• What is needed: When copying the data below, keep only the lines from the one with "Indie comedy crew" through the one with "Flames fully engulfed", word for word, and skip the pictures.

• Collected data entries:
=== Section Start ===
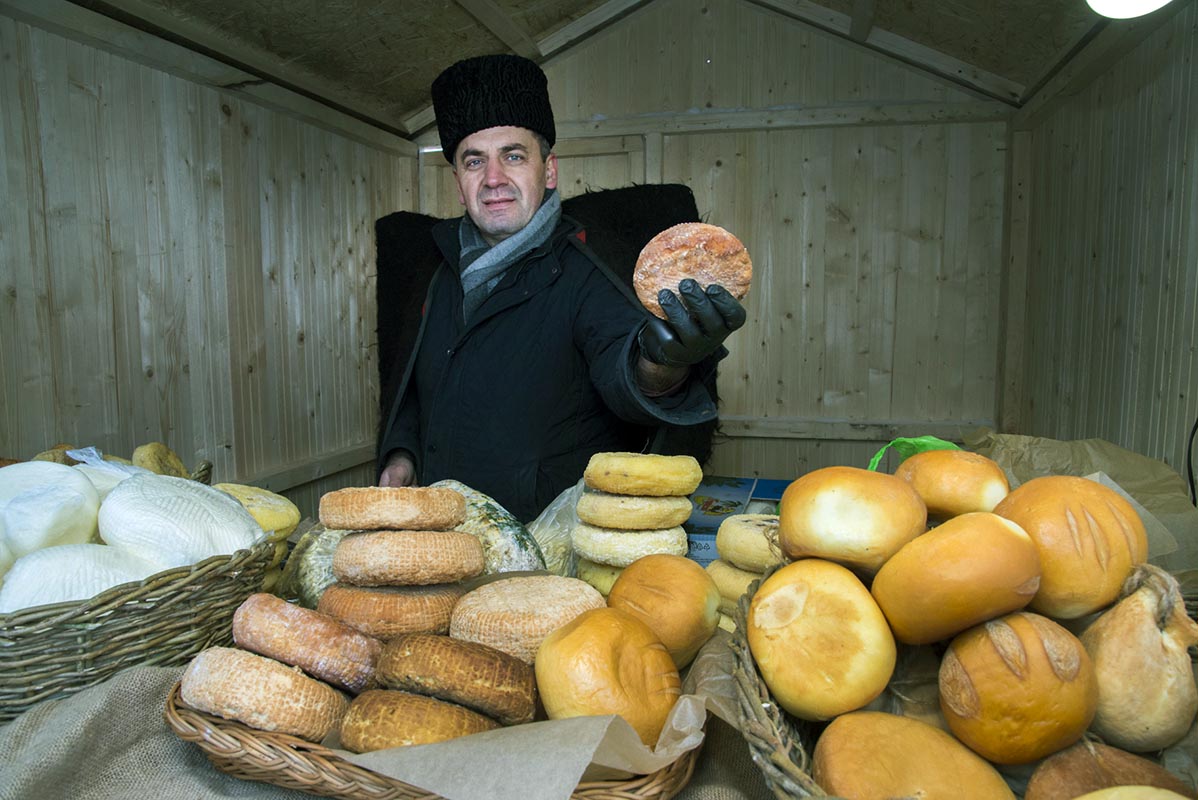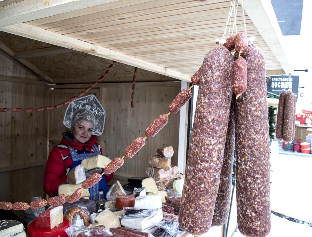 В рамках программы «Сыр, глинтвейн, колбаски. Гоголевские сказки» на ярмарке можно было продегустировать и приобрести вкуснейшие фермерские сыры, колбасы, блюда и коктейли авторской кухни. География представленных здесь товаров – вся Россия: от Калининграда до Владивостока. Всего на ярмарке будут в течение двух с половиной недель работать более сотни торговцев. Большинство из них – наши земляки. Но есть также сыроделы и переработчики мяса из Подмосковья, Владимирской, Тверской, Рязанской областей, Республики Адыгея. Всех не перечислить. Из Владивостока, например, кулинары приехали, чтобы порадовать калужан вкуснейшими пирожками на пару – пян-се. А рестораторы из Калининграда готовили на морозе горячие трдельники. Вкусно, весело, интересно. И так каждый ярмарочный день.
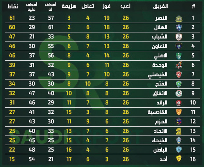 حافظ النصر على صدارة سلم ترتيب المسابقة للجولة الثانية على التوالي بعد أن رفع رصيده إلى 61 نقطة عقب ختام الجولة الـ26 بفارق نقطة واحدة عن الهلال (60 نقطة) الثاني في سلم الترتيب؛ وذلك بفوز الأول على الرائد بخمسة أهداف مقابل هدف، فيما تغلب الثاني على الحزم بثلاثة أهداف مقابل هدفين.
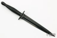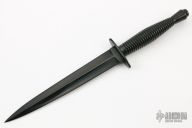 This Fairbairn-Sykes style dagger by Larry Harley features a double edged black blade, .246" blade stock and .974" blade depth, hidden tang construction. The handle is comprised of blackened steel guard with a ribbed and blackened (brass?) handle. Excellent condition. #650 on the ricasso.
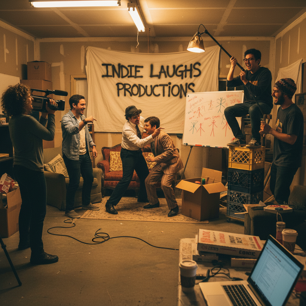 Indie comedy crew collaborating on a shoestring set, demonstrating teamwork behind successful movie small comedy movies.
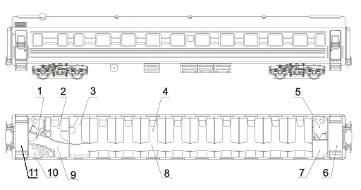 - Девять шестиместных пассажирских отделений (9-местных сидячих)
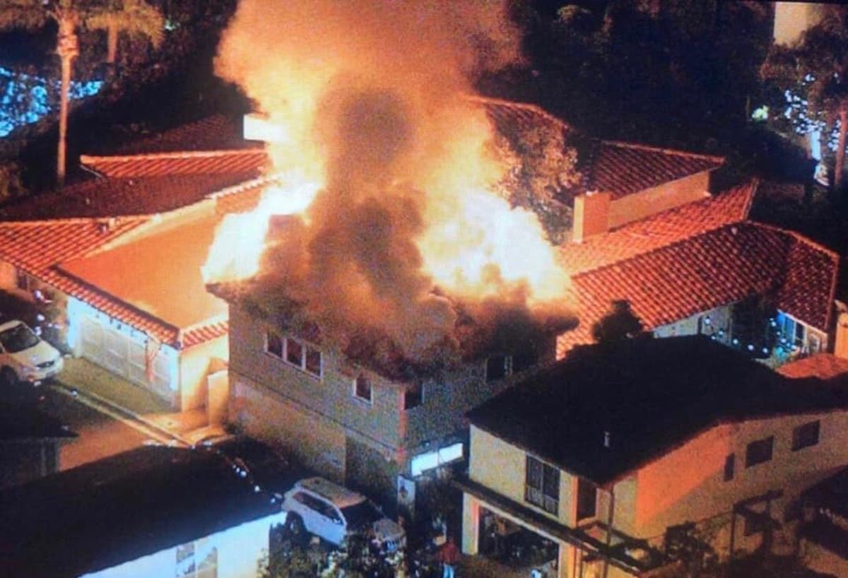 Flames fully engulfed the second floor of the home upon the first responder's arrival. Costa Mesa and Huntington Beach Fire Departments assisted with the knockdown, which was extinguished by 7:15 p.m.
=== Section End ===
=== Section Start ===
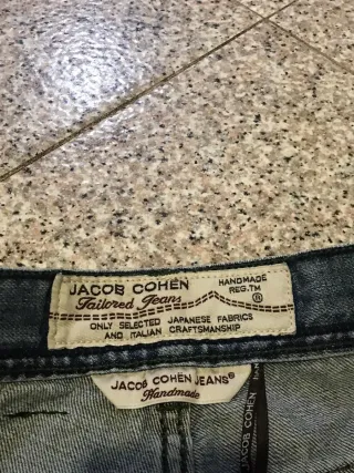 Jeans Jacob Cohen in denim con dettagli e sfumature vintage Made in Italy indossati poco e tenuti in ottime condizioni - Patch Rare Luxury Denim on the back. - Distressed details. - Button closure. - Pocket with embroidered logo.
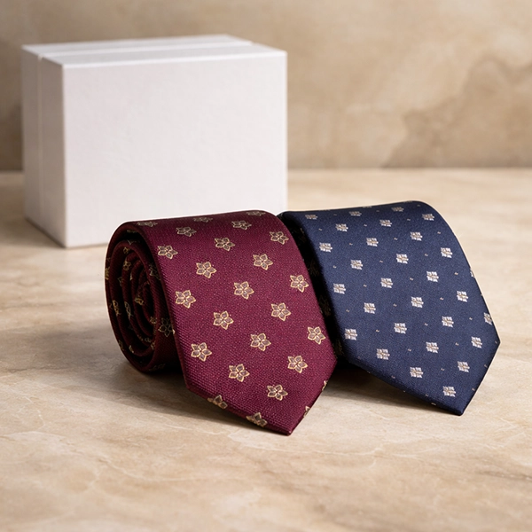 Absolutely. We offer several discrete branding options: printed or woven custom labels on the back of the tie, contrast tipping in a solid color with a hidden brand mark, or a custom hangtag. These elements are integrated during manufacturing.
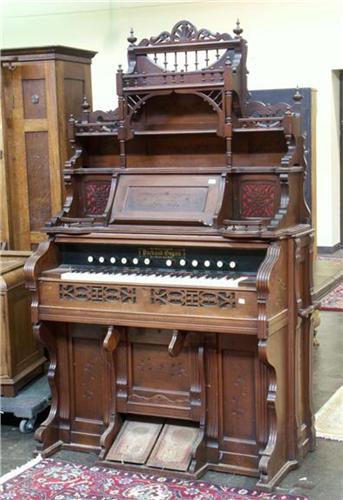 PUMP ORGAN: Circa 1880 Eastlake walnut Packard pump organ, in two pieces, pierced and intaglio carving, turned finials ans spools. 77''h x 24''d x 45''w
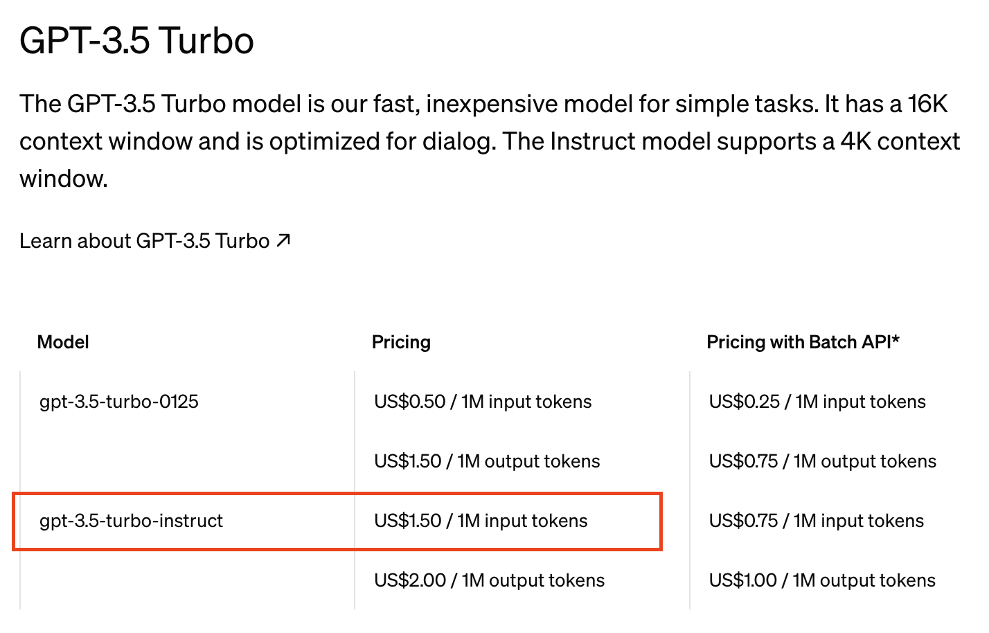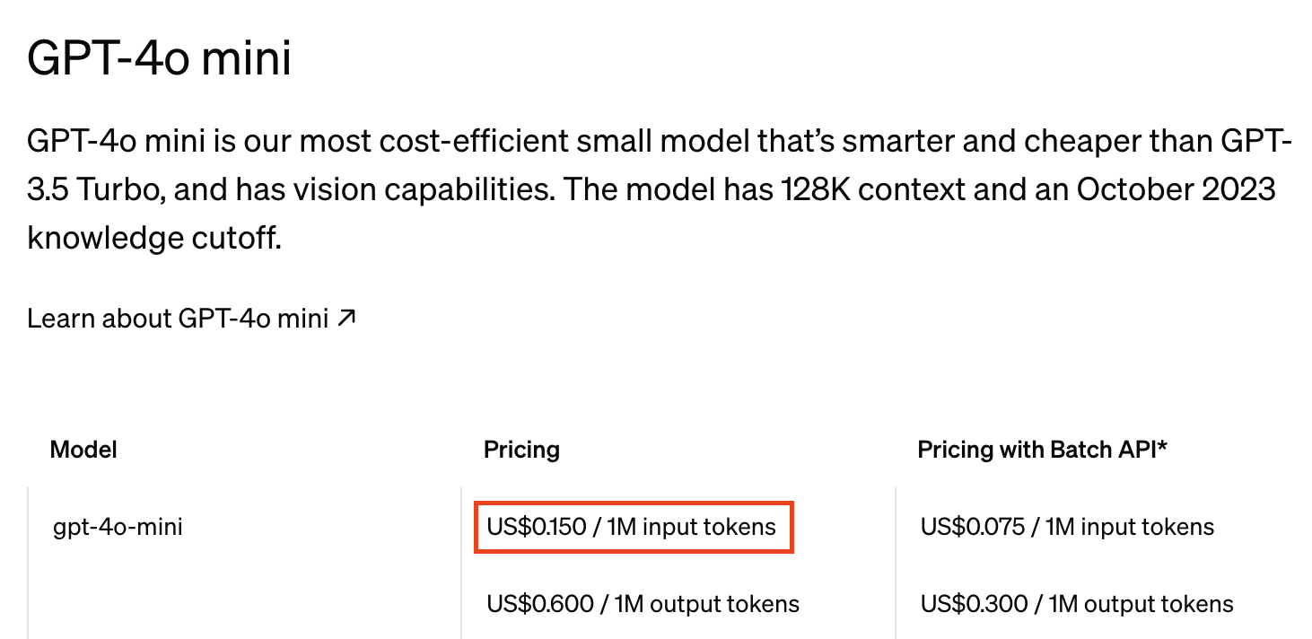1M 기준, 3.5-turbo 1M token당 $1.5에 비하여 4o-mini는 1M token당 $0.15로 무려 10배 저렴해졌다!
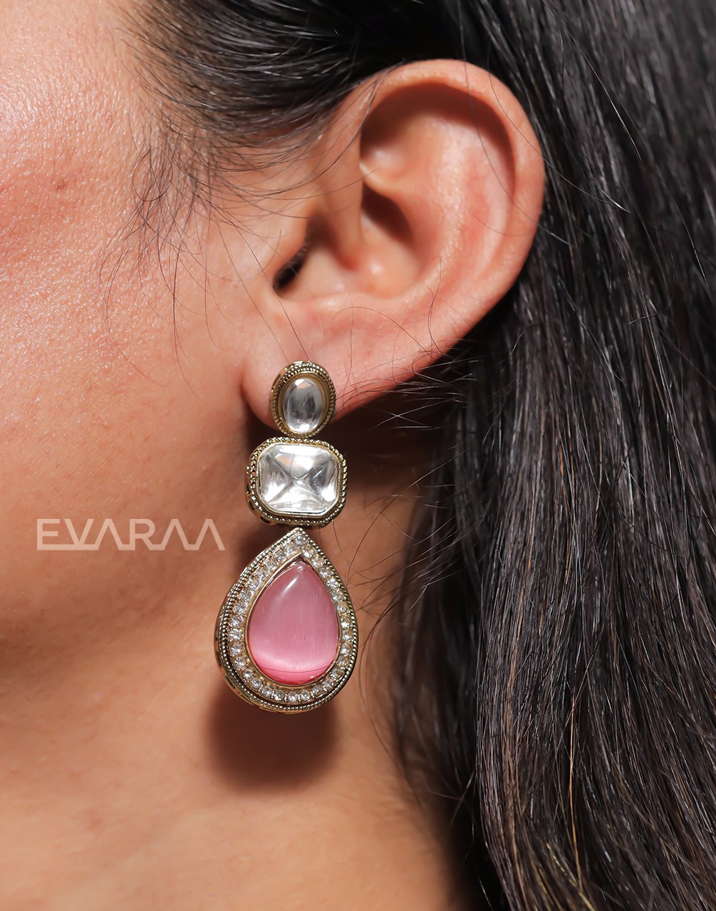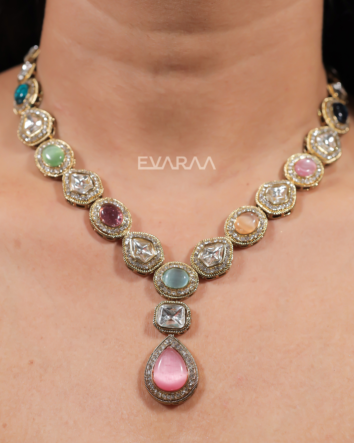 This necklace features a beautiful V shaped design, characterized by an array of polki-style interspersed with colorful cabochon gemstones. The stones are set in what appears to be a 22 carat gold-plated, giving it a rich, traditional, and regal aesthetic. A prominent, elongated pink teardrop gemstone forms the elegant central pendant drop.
=== Section End ===
• Answer below:
 Indie comedy crew collaborating on a shoestring set, demonstrating teamwork behind successful movie small comedy movies.
 - Девять шестиместных пассажирских отделений (9-местных сидячих)
 Flames fully engulfed the second floor of the home upon the first responder's arrival. Costa Mesa and Huntington Beach Fire Departments assisted with the knockdown, which was extinguished by 7:15 p.m.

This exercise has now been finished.